- Your task -
Skip every picture and copy only the lines from the one containing "Papel De Presente" to the final line of the records below.

(Provided material begins)

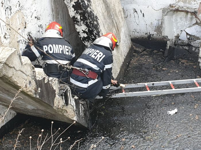 3 caini vagabonzi s-au prabusit in interior si nu mai reuseau sa iasa din mizeria vascoasa. Unul dintre catei a fost salvat de niste trecatori, iar ceilalti doi au fost recuperati de pompierii care au coborat in canal cu scari si funii.
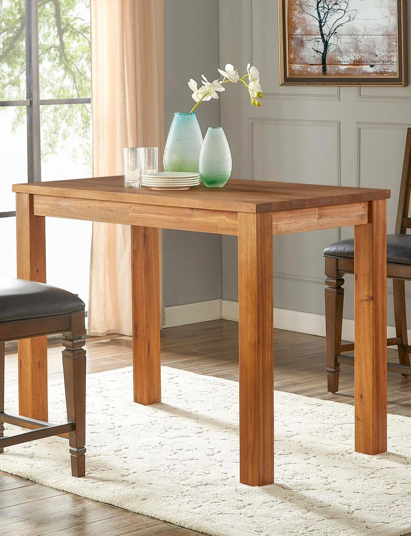 Basic + Functional high table crafted of acacia wood. Use this as your dining table or for a mancave setting. Ideal for small spaces or bar type setting.
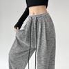 Gestreifte Hose mit weitem Bein Drapierte Hose für Damen Frühling und Herbst Neu Hochtailliert Schlankmachende Bodenlange Hose Locker Gerade Bein Freizeithose
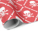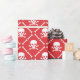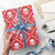 Papel De Presente Padrão de Crânio Branco e Vermelho Natal
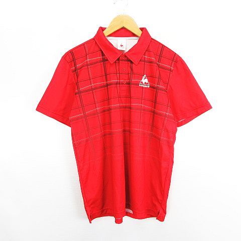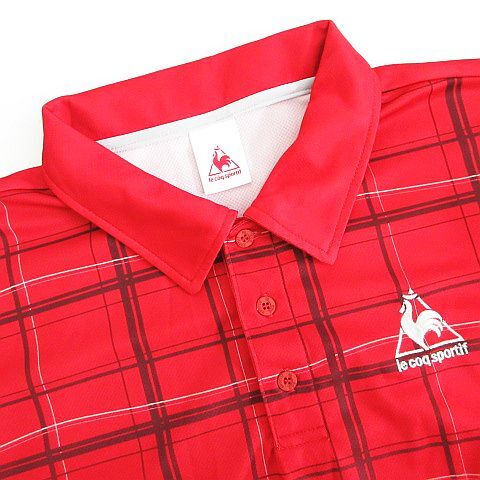 ルコックスポルティフ le coq sportif ポロシャツ 半袖 チェック L レッド スポーツウェア ※EKM メンズ
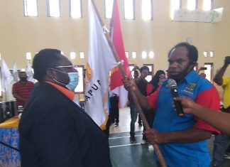KEEROM (PT) – Sekretaris Umum Komite Olahraga Nasional Indonesia (KONI) Provinsi Papua, Kenius Kogoya melantik dan mengukuhkan jajaran pengurus Pengganti Antar Waktu (PAW) KONI Kabupaten Keerom masa bhakti 2017-2021.
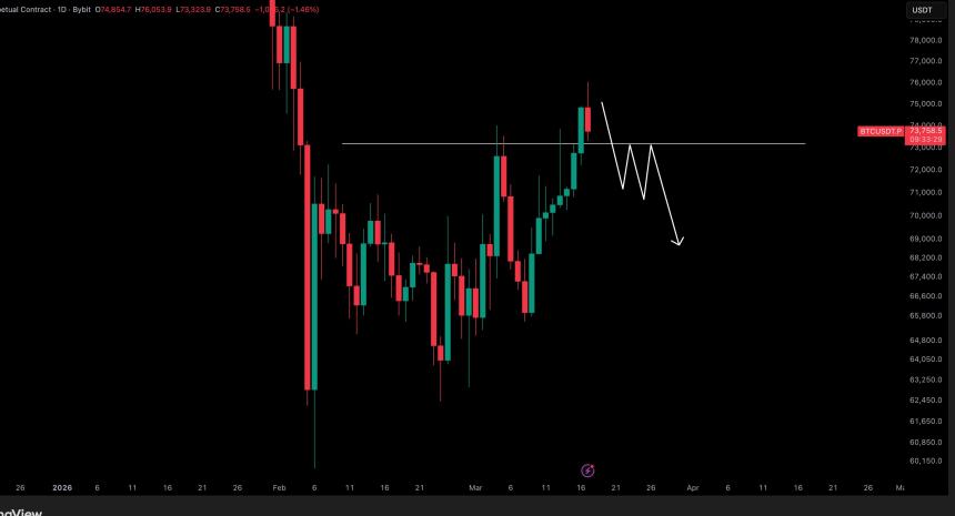 According to the analysts chart, if Bitcoin loses support, the next level to watch is below $69,000, 7.1% from the current $74,263.

(Provided material ends)

- Exercise solution -
 Papel De Presente Padrão de Crânio Branco e Vermelho Natal
 ルコックスポルティフ le coq sportif ポロシャツ 半袖 チェック L レッド スポーツウェア ※EKM メンズ
KEEROM (PT) – Sekretaris Umum Komite Olahraga Nasional Indonesia (KONI) Provinsi Papua, Kenius Kogoya melantik dan mengukuhkan jajaran pengurus Pengganti Antar Waktu (PAW) KONI Kabupaten Keerom masa bhakti 2017-2021.
 According to the analysts chart, if Bitcoin loses support, the next level to watch is below $69,000, 7.1% from the current $74,263.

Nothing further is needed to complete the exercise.